Founders Legal Leads Governance and Risk Advisory for Businesses Using Generative AI

Atlanta, GA – Founders Legal is expanding its focus on AI governance and risk management to help businesses use artificial intelligence in contracts, documentation, policies, and operational workflows while preserving legal oversight, confidentiality safeguards, and accountability standards.

Generative AI has moved into daily business operations. Companies now use AI to draft contracts, create internal policies, summarize documents, review compliance obligations, and support decision-making across departments. The efficiency gains are meaningful, and for many organizations, AI has become a practical business tool rather than an emerging technology experiment.

With adoption increasing, companies are giving closer attention to the quality of AI-generated work product, the handling of confidential information, the ownership of generated content, and the consequences of relying on inaccurate outputs. A contract generated in seconds still carries legal consequences. A policy drafted by AI still requires review. Legal responsibility continues to attach to the final result.

AI-generated work product is now moving into contracts, policies, and commercial decision-making. That shift is creating demand for defined governance, review protocols, and legal risk management. Founders Legal is helping businesses address those issues through practical guidance on AI policies, confidentiality safeguards, contract review standards, and accountability frameworks.

AI adoption continues across nearly every industry. Organizations are integrating generative AI into customer service, human resources, compliance, operations, finance, and legal functions. As these tools become embedded in business workflows, executives are evaluating what AI can do, how AI-generated work product should be reviewed, and when legal oversight is required.

Recent legal developments have reinforced the importance of that assessment. Courts are beginning to apply longstanding legal principles to AI-generated materials, emphasizing that responsibility for final work product remains with the person or organization using the tool. Questions involving confidentiality, privilege, ownership, and reliance are becoming increasingly significant as AI-generated documents move from internal experimentation into ordinary business use.

One recent federal court decision drew attention after a judge ruled that materials generated through a publicly available AI platform were protected by neither attorney-client privilege nor the work product doctrine. The ruling was fact-specific and does not create a universal rule for all AI use, but it highlights the legal scrutiny surrounding how AI tools are used and what information is shared with them.

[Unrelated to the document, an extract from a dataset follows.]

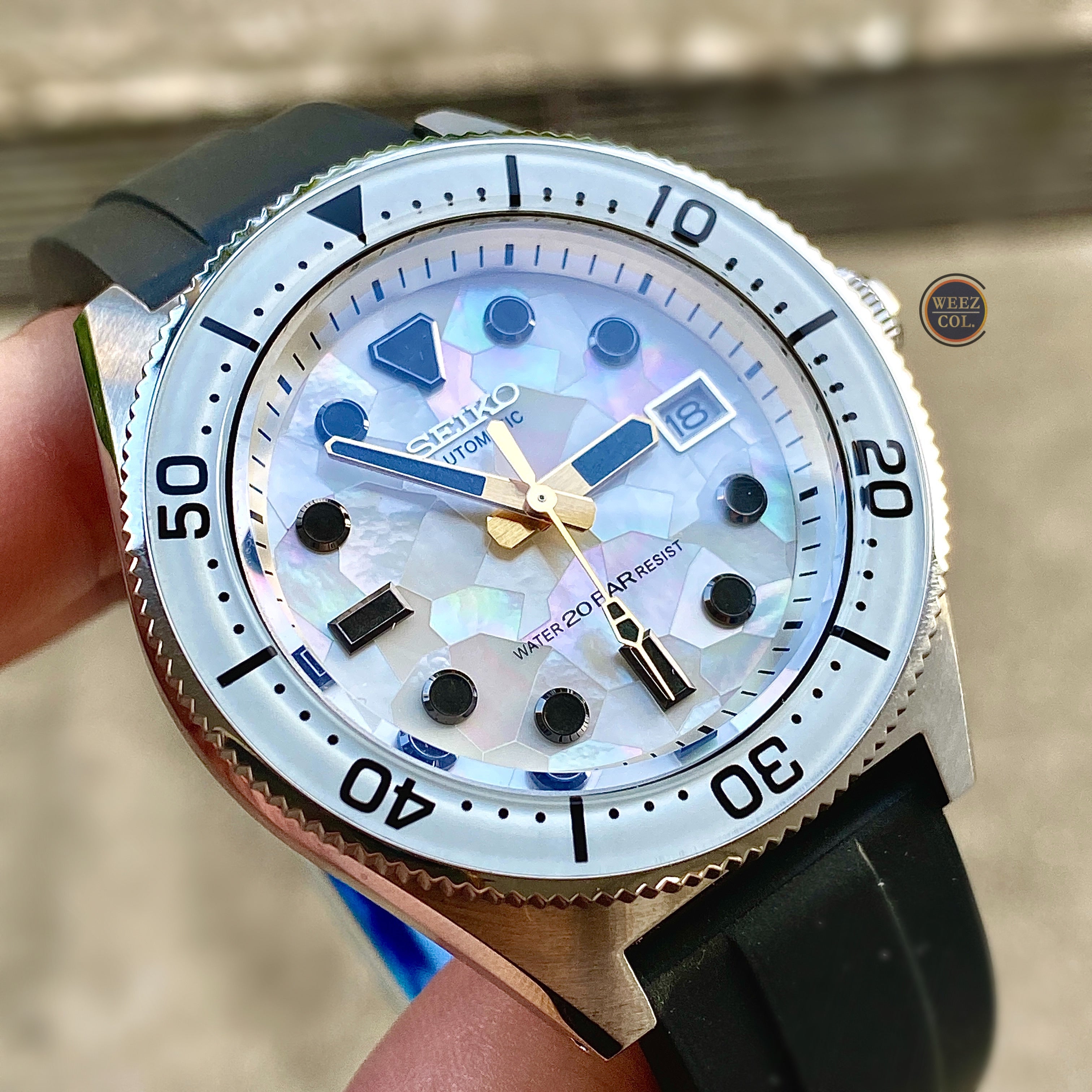 Dial: Aftermarket Seiko Mother-Of-Pearl Dial (Black Lume)
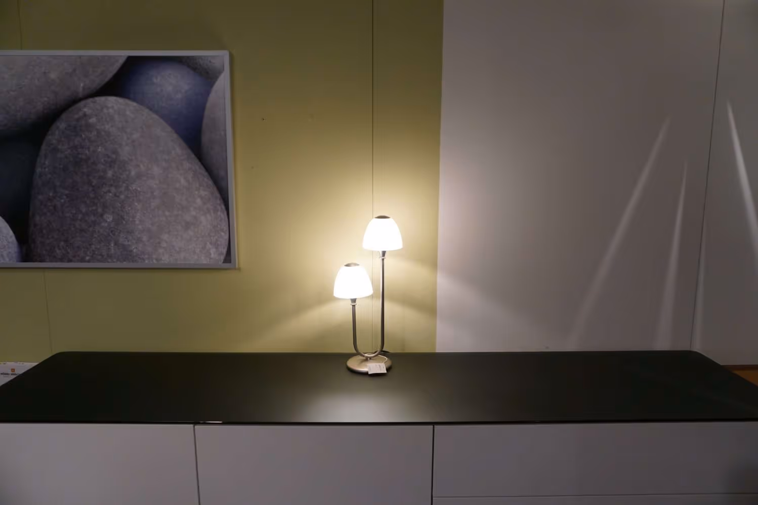 inklusive LeuchtmittelHöhe 47.5 cmNeigung des Arms verstellbar und Leuchtmittel verstellbarAusstellungs-Lampe netto: CHF 99.-Preise abgeholt

For businesses, the implications extend beyond litigation. Employees may use AI to prepare customer agreements, summarize vendor contracts, draft employment policies, analyze documents, and generate internal communications. Each use case presents considerations involving confidentiality, accuracy, intellectual property, regulatory obligations, and contractual risk.

Founders Legal’s approach is informed by practical experience. The firm incorporates AI technologies throughout its own operations where they improve efficiency, consistency, and service delivery. Its perspective reflects the view that AI delivers its greatest value when technological capability is paired with human judgment, legal oversight, and defined governance standards.

“AI has become part of everyday business operations, and its value is clear when it is used with judgment,” said David H. Pierce, Corporate Chair at Founders Legal. “The concern is reliance without review. Businesses need governance frameworks that address accuracy, confidentiality, privilege, and accountability before AI-generated documents become part of legal or commercial decision-making.”

Pierce said many organizations have moved beyond the threshold question of whether to use AI and are now focused on how to implement it responsibly.

“The conversation has shifted from adoption to accountability,” Pierce said. “Organizations are increasingly focused on how information is entered into AI systems, how outputs are reviewed, and how legal obligations are maintained as these tools become embedded throughout the business.”

The firm views AI governance as the next stage of business adoption. Early conversations centered on access and capability. Today, businesses are focused on process, oversight, and risk management. As AI becomes integrated into contracts, policies, communications, and decision-making workflows, companies are developing governance structures that allow them to benefit from the technology while maintaining operational discipline.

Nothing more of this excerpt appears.